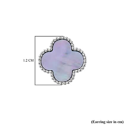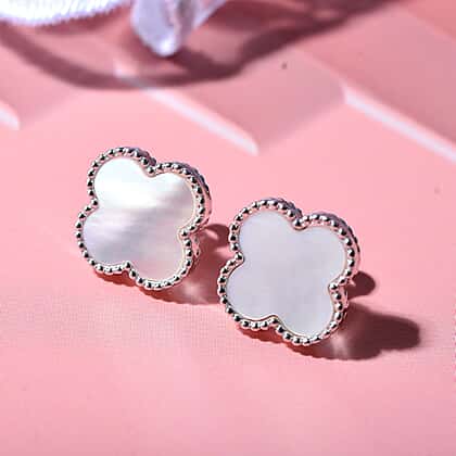 Designer Inspired Mother of Pearl Clover Earrings in Rhodium Overlay Sterling Silver
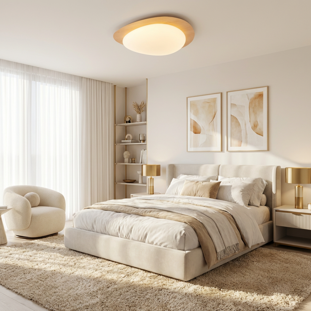 Organic disc profile: Asymmetrical, rounded form creates a soft ceiling outline.
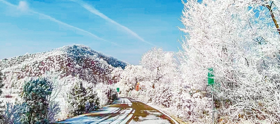 1月20日,山西省晋中市左权县羊角乡境内,太行一号旅游公路两侧现雾凇冰挂的绝佳美景,山林间玉树琼枝、冰清玉洁,美不胜收,勾勒出一幅静谧悠然的太行冬日画卷。(邢兰富)
····················
▸ **How to complete this task**
Return each of the lines exactly as they appear above, with no images.

▸ **Solution for this task**
 Designer Inspired Mother of Pearl Clover Earrings in Rhodium Overlay Sterling Silver
 Organic disc profile: Asymmetrical, rounded form creates a soft ceiling outline.
 1月20日,山西省晋中市左权县羊角乡境内,太行一号旅游公路两侧现雾凇冰挂的绝佳美景,山林间玉树琼枝、冰清玉洁,美不胜收,勾勒出一幅静谧悠然的太行冬日画卷。(邢兰富)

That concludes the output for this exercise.